(Entries taken from a collection)
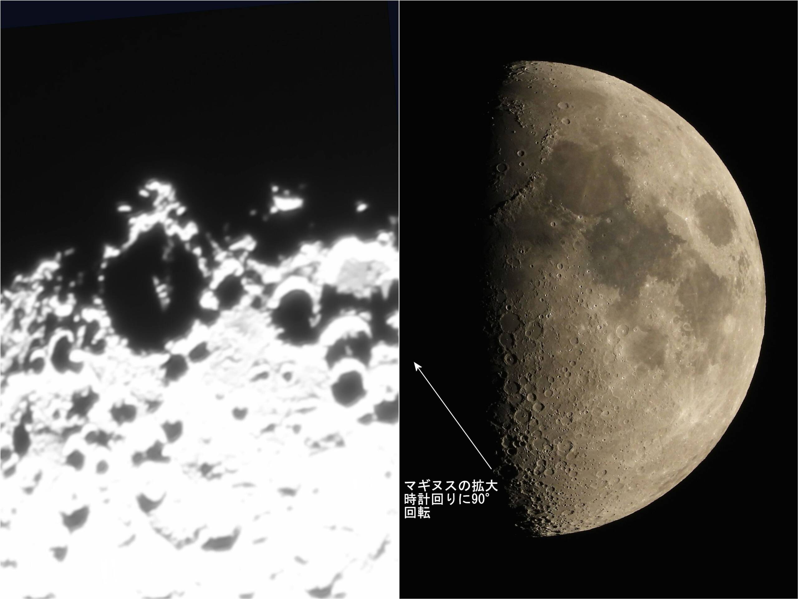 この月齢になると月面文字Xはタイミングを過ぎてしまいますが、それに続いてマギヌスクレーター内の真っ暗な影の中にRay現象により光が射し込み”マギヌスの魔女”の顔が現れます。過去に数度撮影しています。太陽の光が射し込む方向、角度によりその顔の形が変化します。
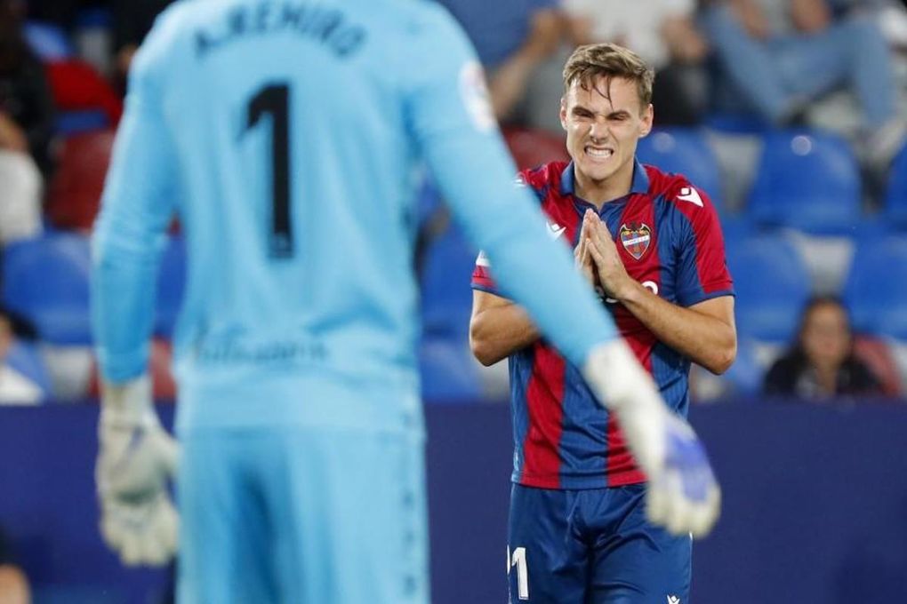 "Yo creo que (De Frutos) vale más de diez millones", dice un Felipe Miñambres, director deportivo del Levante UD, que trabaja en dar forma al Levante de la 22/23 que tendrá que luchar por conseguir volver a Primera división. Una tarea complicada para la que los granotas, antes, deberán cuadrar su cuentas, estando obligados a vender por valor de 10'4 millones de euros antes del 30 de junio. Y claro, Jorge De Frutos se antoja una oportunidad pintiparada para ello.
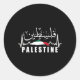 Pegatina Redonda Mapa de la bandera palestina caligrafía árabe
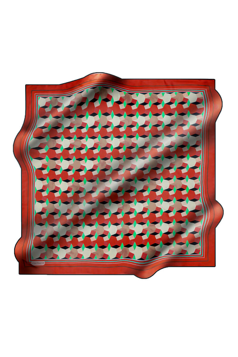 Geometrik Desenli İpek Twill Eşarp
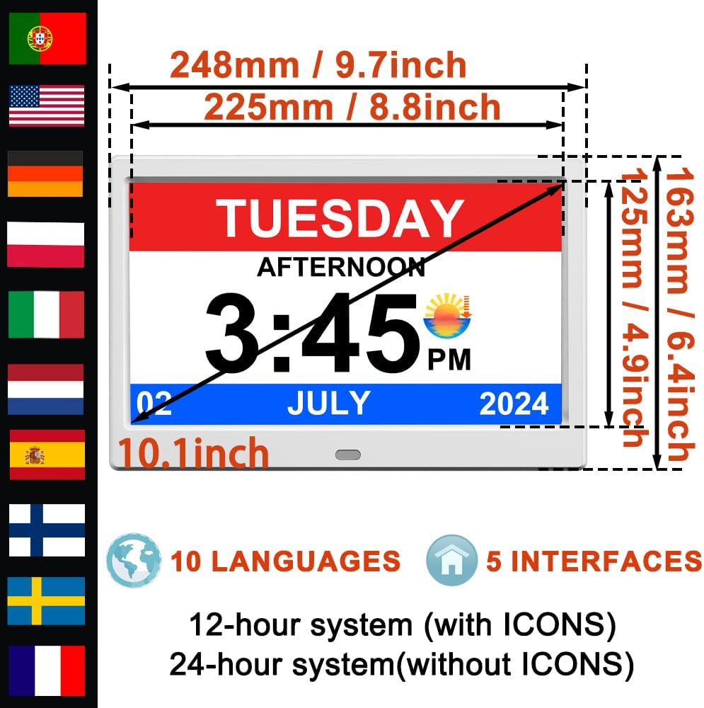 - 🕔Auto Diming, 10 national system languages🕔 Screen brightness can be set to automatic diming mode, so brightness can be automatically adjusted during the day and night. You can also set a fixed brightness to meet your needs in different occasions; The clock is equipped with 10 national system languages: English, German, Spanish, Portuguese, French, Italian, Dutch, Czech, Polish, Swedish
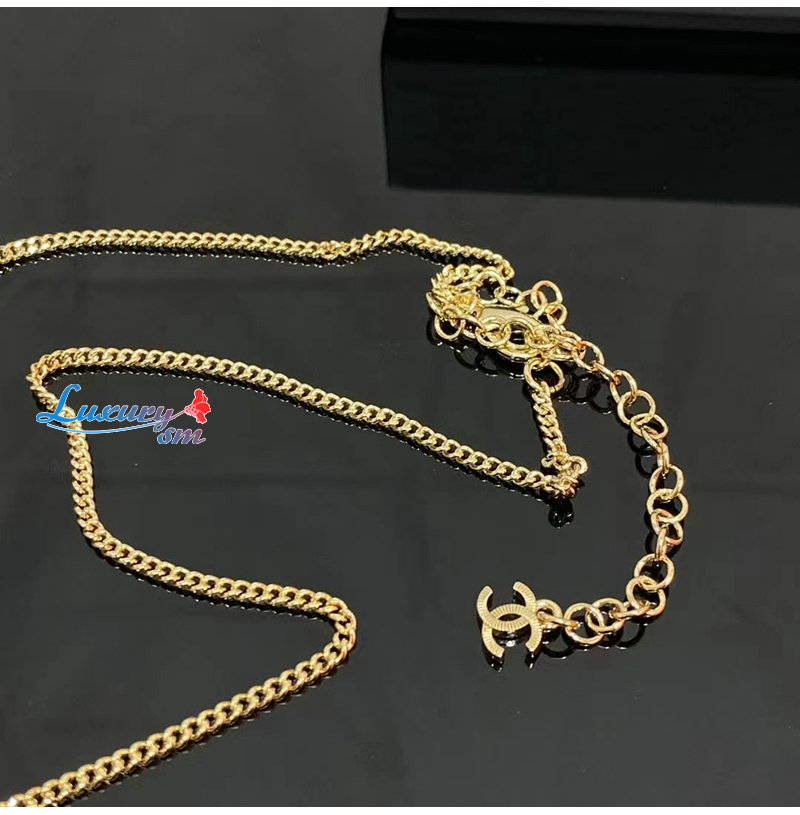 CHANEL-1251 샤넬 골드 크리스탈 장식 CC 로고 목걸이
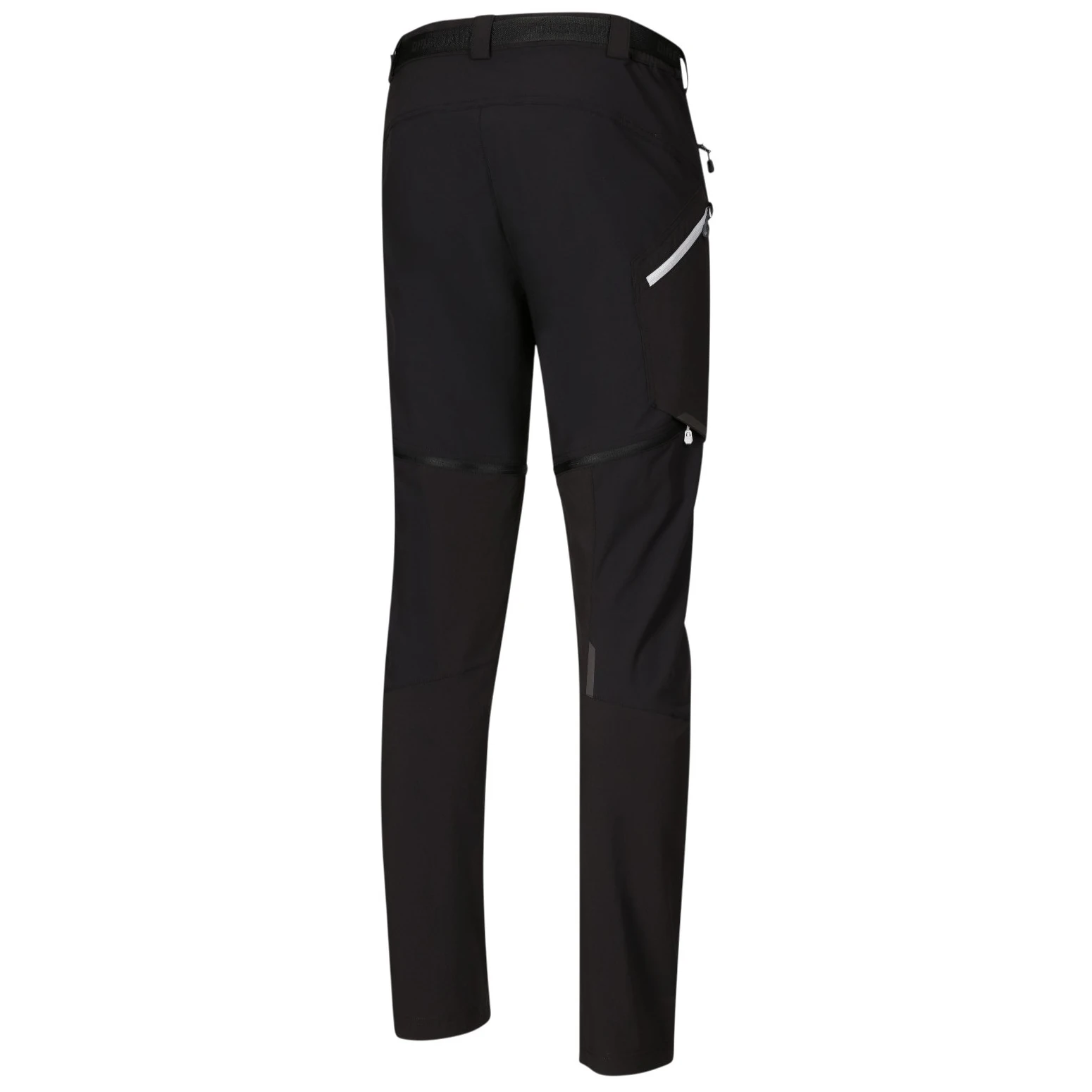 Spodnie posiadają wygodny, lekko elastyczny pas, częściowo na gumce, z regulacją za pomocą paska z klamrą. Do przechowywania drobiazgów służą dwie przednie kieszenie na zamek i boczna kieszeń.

What is needed
Set down exactly, and only, the lines from the one holding "CHANEL-1251 샤넬 골드 크리스탈 장식 CC 로고 목걸이" to the end of the records above, leaving every picture out.

Answer space
 CHANEL-1251 샤넬 골드 크리스탈 장식 CC 로고 목걸이
 Spodnie posiadają wygodny, lekko elastyczny pas, częściowo na gumce, z regulacją za pomocą paska z klamrą. Do przechowywania drobiazgów służą dwie przednie kieszenie na zamek i boczna kieszeń.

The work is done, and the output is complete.